Material supplied >>
--------

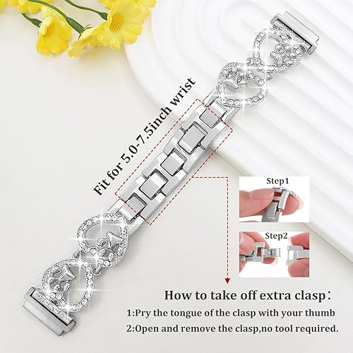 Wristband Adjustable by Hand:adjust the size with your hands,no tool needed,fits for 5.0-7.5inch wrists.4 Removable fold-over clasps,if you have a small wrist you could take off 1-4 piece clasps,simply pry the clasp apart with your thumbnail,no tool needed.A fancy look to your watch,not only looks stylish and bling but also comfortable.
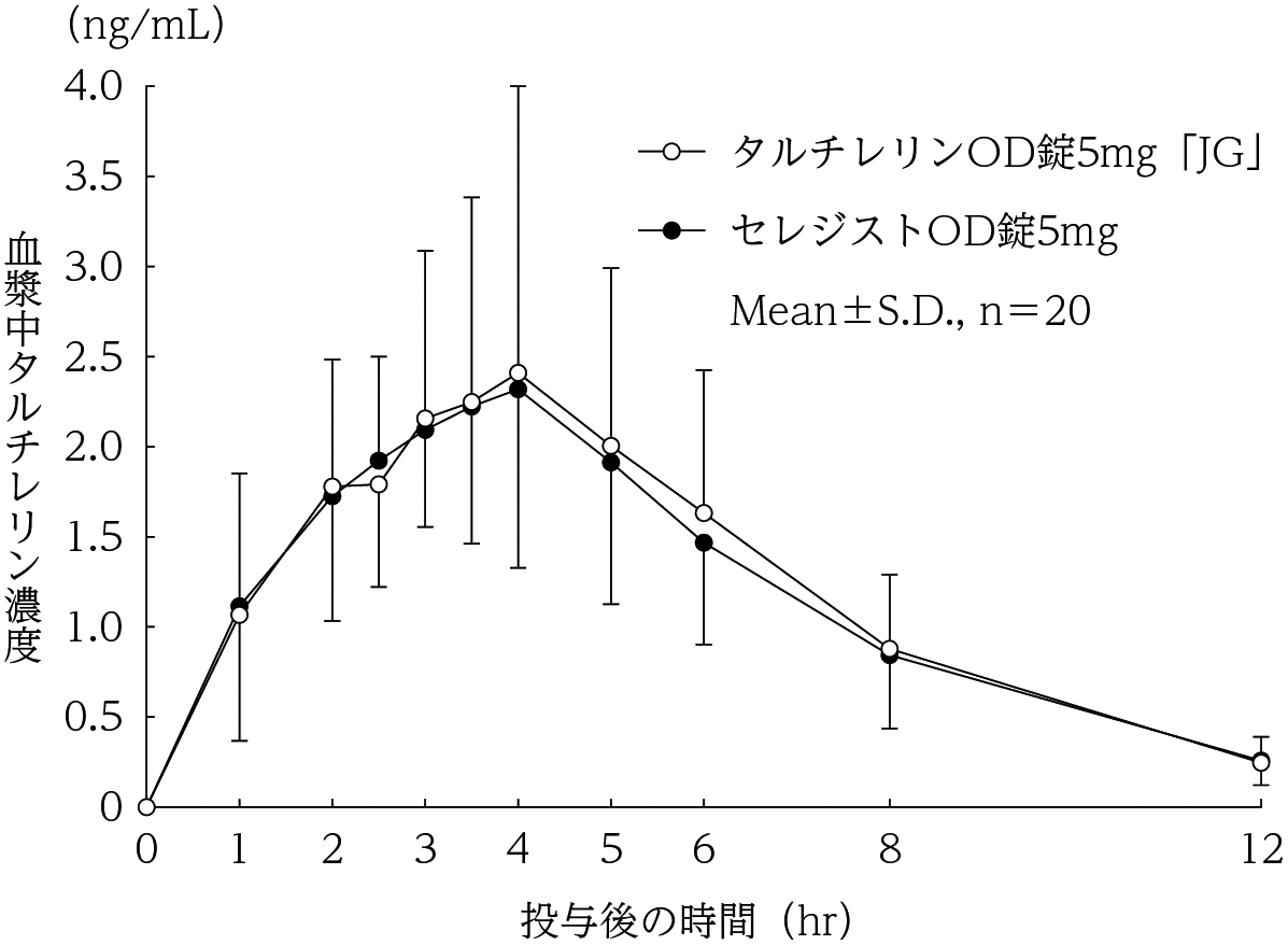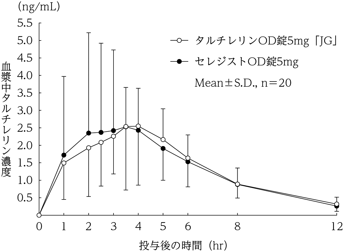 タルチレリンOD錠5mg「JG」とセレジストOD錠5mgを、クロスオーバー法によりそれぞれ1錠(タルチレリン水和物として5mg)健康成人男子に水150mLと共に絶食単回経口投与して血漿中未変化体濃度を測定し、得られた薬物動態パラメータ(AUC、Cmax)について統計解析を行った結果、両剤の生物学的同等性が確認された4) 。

--------

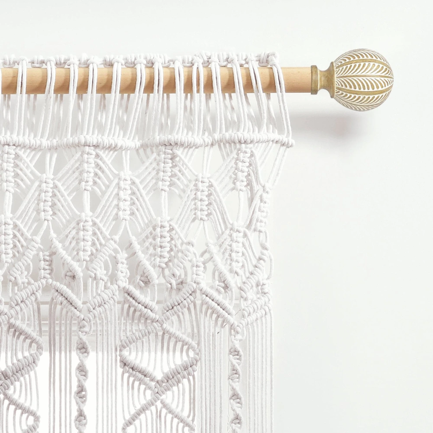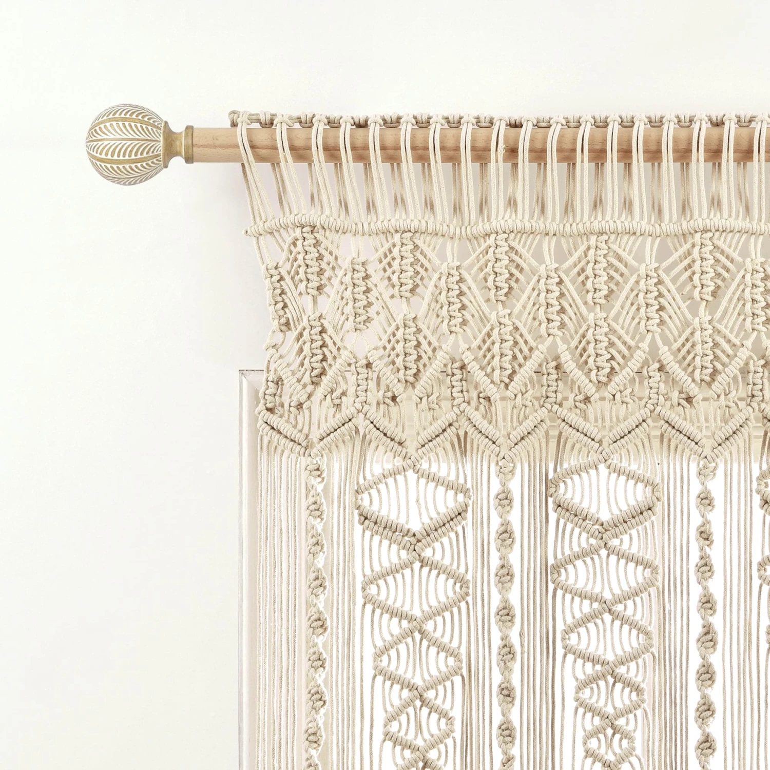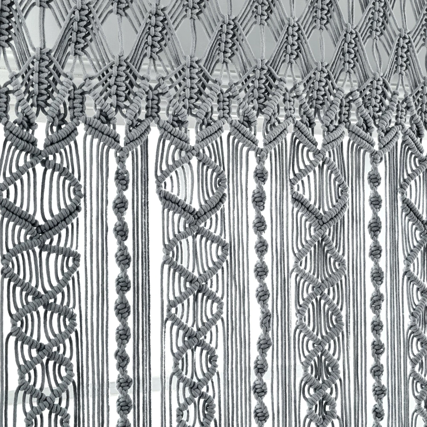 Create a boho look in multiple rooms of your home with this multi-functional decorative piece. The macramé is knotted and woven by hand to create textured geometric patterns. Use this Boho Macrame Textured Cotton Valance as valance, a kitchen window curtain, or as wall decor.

--------

What to do >> Extract, without any images, the part of the material above that opens with the line containing "Wristband Adjustable by" and closes with the line containing "タルチレリンOD錠5mg「J", both lines included.

Answer box >>
 Wristband Adjustable by Hand:adjust the size with your hands,no tool needed,fits for 5.0-7.5inch wrists.4 Removable fold-over clasps,if you have a small wrist you could take off 1-4 piece clasps,simply pry the clasp apart with your thumbnail,no tool needed.A fancy look to your watch,not only looks stylish and bling but also comfortable.
 タルチレリンOD錠5mg「JG」とセレジストOD錠5mgを、クロスオーバー法によりそれぞれ1錠(タルチレリン水和物として5mg)健康成人男子に水150mLと共に絶食単回経口投与して血漿中未変化体濃度を測定し、得られた薬物動態パラメータ(AUC、Cmax)について統計解析を行った結果、両剤の生物学的同等性が確認された4) 。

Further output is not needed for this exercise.